À Abadjin-Doumé, une affaire de litige foncier révèle les dérives persistantes dans la gestion du domaine urbain en Côte d’Ivoire. Deux professionnels, Veglano Koffi Alphonse, géomètre-expert, et son collaborateur Sanou Boroma Alain, sont aujourd’hui au cœur d’un imbroglio administratif et judiciaire, où des décisions de justice irrévocables et des instructions ministérielles sont tout simplement ignorées.

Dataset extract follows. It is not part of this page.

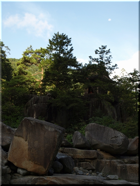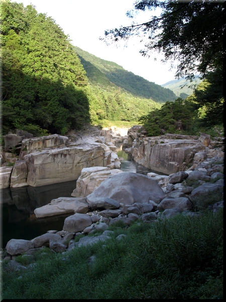 ・ 木曽川の川面を飾る粗暴でいて端麗な岩場を眺める

Le différend porte sur un lotissement dûment approuvé par l’arrêté ministériel n°04862/MCU/DU/SDAF du 5 octobre 2005. Dans le cadre d’un quota conventionnel signé avec la collectivité villageoise en 2002, leur cabinet, IVOIRE Topographie, s’est vu attribuer 449 lots. Ces attributions ont été confirmées par plusieurs décisions judiciaires, notamment le jugement n°263 du 3 mai 2015, les arrêts n°17/CIV du 12 janvier 2018, n°53/20 CIV 5 du 3 mars 2020, n°1037/20 du 18 décembre 2020 (Cour de cassation) et n°327/22 CIV 2 du 15 juillet 2022.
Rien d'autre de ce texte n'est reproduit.